### Work request
Please reproduce exactly, and only, the lines from the one with "初期の雲仙ゴルフ場写真 (Brian Burke-Gaffney著・平" through the last line of the listing below, both ends included, leaving out the pictures.

### Records supplied
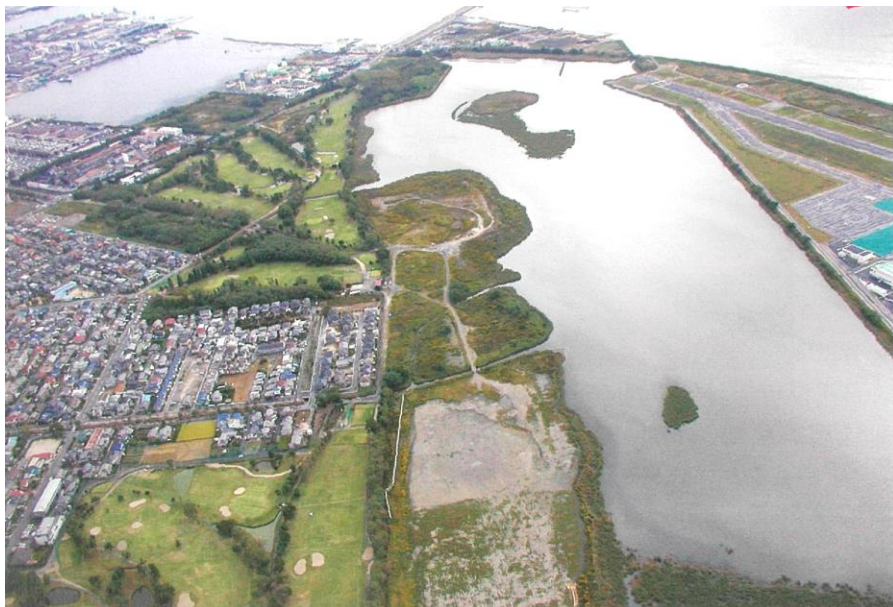
※日本野鳥の会岡山県支部設立30周年記念誌から引用
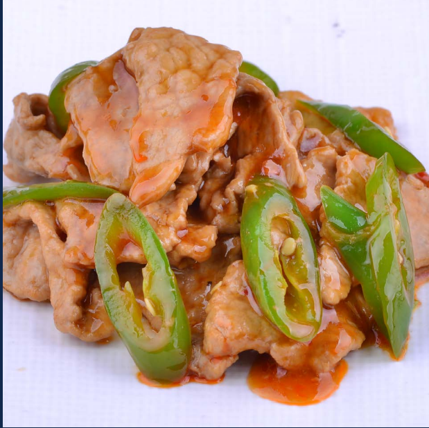
155. Manzo con peperoncino verde
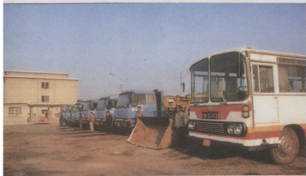
昌平县运输 公司营运车辆整 装待发
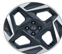
Литые диски Style 6.5x17" Шины 205/55/R17

5 ЛЕТ Гарантия неограниченная по пробегу
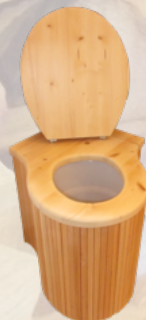
Détail lames Kayak

Conditions de vente : délais de livraison de 6 à 7 semaines. Frais de livraisons en suppléments pour certains articles (ex. gamme separett). Biocapi Sàrl se réserve le droit d'adapter ses prix en fonction des cours du change et fluctuations des tarifs de frêt.
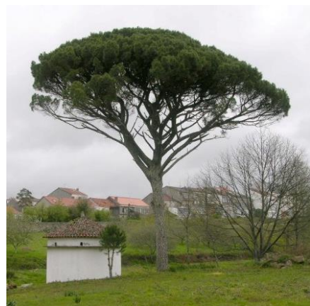
Negreira (A Coruña) Detrás do pazo, no centro da vila.
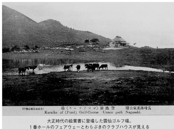
初期の雲仙ゴルフ場写真 (Brian Burke-Gaffney著・平 美雪訳(2003)「グラバー家の人々 花と霜」長崎文献社 より)

当時の日本には、神戸の「六甲コース」(1903)と「横屋コース」(1904)、関東では「横浜根岸コース」(1906)の3コースがありましたが、長崎にはコース造成の専門家はおろか、ゴルフを知る日本人さえ稀でした。このため、ゴルフコースの設計は富三郎が勤務するリンガー社のイギリス人、バックランドとウォーレスが担当し、1911年6月に着工しました。そして、2年の歳月をかけて1913年8月14日に9ホールが完成し、名称を「雲仙ゴルフリンクス」としてオープンしました。開場後1年間のゴルフ入場者は288名でしたが毎年減少の一途を辿り、「大正8(1919)年はわずか16人に」という記事が、長崎新聞に掲載された「長崎県スポーツ史」(1987年4月10号)に記されています。これに関して、長崎県立図書館に保存されている当時の入場者記録帳を見ると、夏季は雲仙を訪れる観光客が多いため、ゴルフ場やテニスコートの入場者が多いものの、11月中旬から4月後半までの寒冷期には極端に入場者が減少する状況が一目瞭然に分かります。
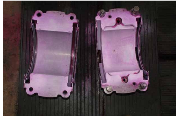
Rys. 4. Panewki generatora pokryte penetrantem barwnym
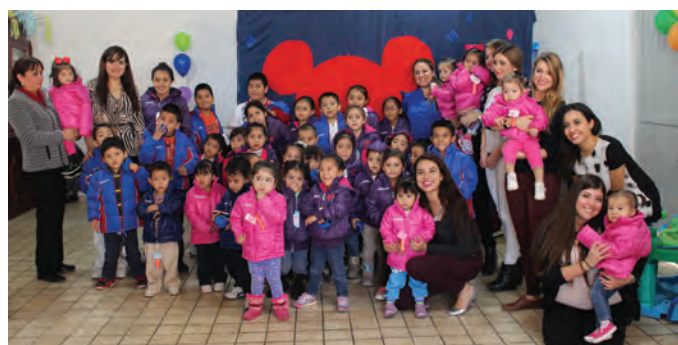
Convivencia personal Lamosa con niños del CAYAM

Los negocios del Grupo desplegaron objetivos concierne a la implementación de proyectos de voluntariado y de inversión social para apoyo a las comunidades donde se tiene presencia. Los proyectos fueron de naturaleza diversa, dependiendo de necesidades específicas en las distintas localidades donde se opera, contando cada vez más con el apoyo del personal y el de sus familias.

### Exercise result
初期の雲仙ゴルフ場写真 (Brian Burke-Gaffney著・平 美雪訳(2003)「グラバー家の人々 花と霜」長崎文献社 より)

当時の日本には、神戸の「六甲コース」(1903)と「横屋コース」(1904)、関東では「横浜根岸コース」(1906)の3コースがありましたが、長崎にはコース造成の専門家はおろか、ゴルフを知る日本人さえ稀でした。このため、ゴルフコースの設計は富三郎が勤務するリンガー社のイギリス人、バックランドとウォーレスが担当し、1911年6月に着工しました。そして、2年の歳月をかけて1913年8月14日に9ホールが完成し、名称を「雲仙ゴルフリンクス」としてオープンしました。開場後1年間のゴルフ入場者は288名でしたが毎年減少の一途を辿り、「大正8(1919)年はわずか16人に」という記事が、長崎新聞に掲載された「長崎県スポーツ史」(1987年4月10号)に記されています。これに関して、長崎県立図書館に保存されている当時の入場者記録帳を見ると、夏季は雲仙を訪れる観光客が多いため、ゴルフ場やテニスコートの入場者が多いものの、11月中旬から4月後半までの寒冷期には極端に入場者が減少する状況が一目瞭然に分かります。
Rys. 4. Panewki generatora pokryte penetrantem barwnym
Convivencia personal Lamosa con niños del CAYAM

Los negocios del Grupo desplegaron objetivos concierne a la implementación de proyectos de voluntariado y de inversión social para apoyo a las comunidades donde se tiene presencia. Los proyectos fueron de naturaleza diversa, dependiendo de necesidades específicas en las distintas localidades donde se opera, contando cada vez más con el apoyo del personal y el de sus familias.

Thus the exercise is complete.